It looked like a long face plant from the penthouse – except it wasn’t. Seeing how Trump rebounded from that loss sheds light on what he is doing now and prompts the thought: maybe his stubborn refusal to fully acknowledge his election defeat on 3 November – his numerous legal challenges and his accusations of fraud – is more like a bankruptcy than a (half-hearted) coup.

Since the 1970s, bankruptcy law has developed in a contradictory fashion in the US: while laws and norms against individual and national bankruptcy (also known as default) have grown more stringent and punitive, norms and laws governing corporate bankruptcy have become more lenient. Famously, in the US, one cannot default on student loans, but it is common for corporate leaders to walk away from business failure at a profit.

For decades, we have lived in an era of “strategic bankruptcy” which allows management to file for what is called “Chapter 11” to default on contracts and promises without foregoing leadership of the company itself. Bankruptcy is less a private apocalypse than a canny business move.

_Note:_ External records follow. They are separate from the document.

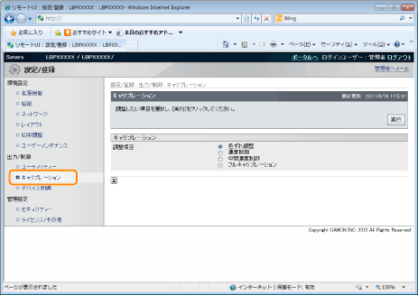 ]で「キャリブレーション」を選択して、[OK]を押します。
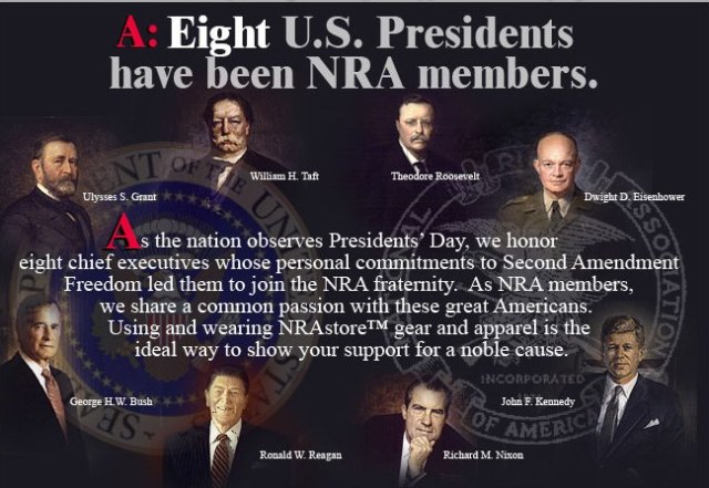 This entry was posted in 2nd Amendment, Politics and tagged 2nd Amendment, Gun politics, National Rifle Association, NRA, Presidents, Presidents Day, Pro-Gun Rights. Bookmark the permalink.
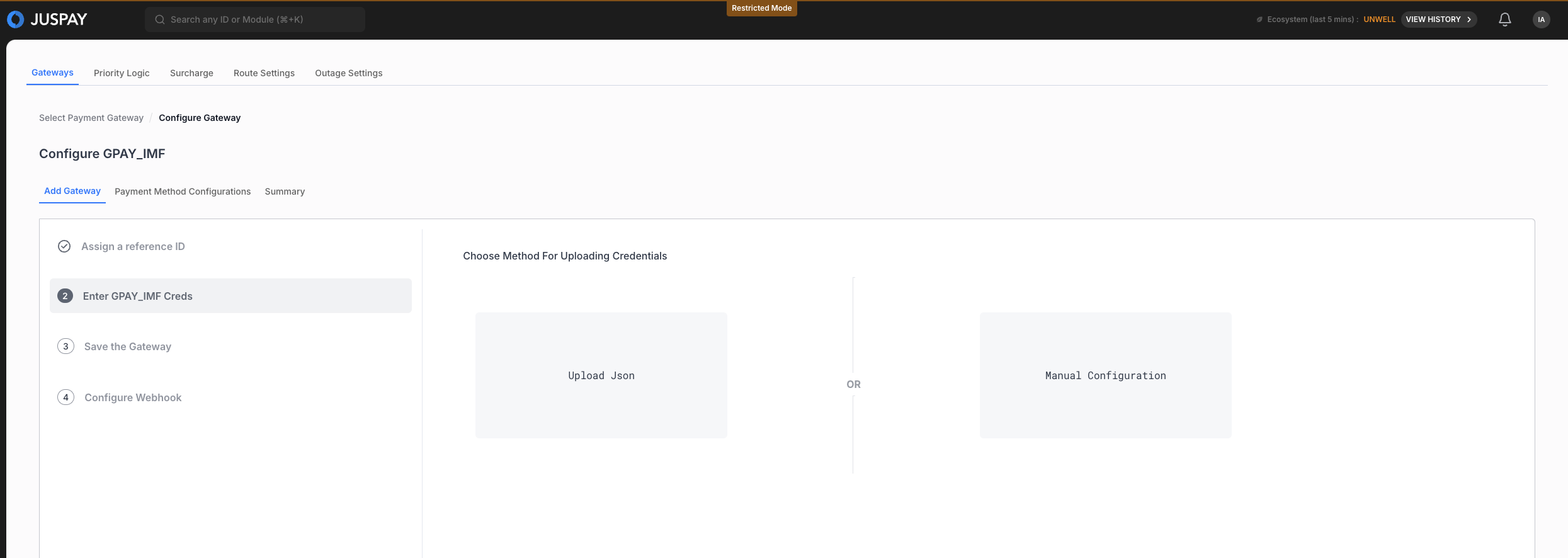 You can either directly upload the JSON file on the Juspay Dasboard or manually enter the details -

As one researcher at a brokerage described it in 1987: “When a company goes into bankruptcy, it enters sort of a state of grace. It pays no interest on all its debt, its contracts are unenforceable.”  

This era birthed “business as usual” bankruptcies. You could walk by a shop and see no outward signs of commercial trouble even when purges were afoot. At the business end of the purge were always the workers. Funds intended for wages or pensions were consumed by costs during lengthy negotiations with creditors and bondholders and the high fees of so-called “distressed debt specialists”. The broken promises to workers had an evocative label: “Betrayal without remedy.” 

[See also: Anne Applebaum on Donald Trump: “History has always hung in the balance. We just imagine that it didn’t”]

Trump’s 1990 crack-up in Atlantic City was a banner example of the new bankruptcy. Even as workers and contractors went unpaid, Trump managed to retain control of the casinos. Thirty years later, he repaid the person who represented his creditors when he made Wilbur Ross, then known as “the King of Bankruptcy”, his commerce secretary. 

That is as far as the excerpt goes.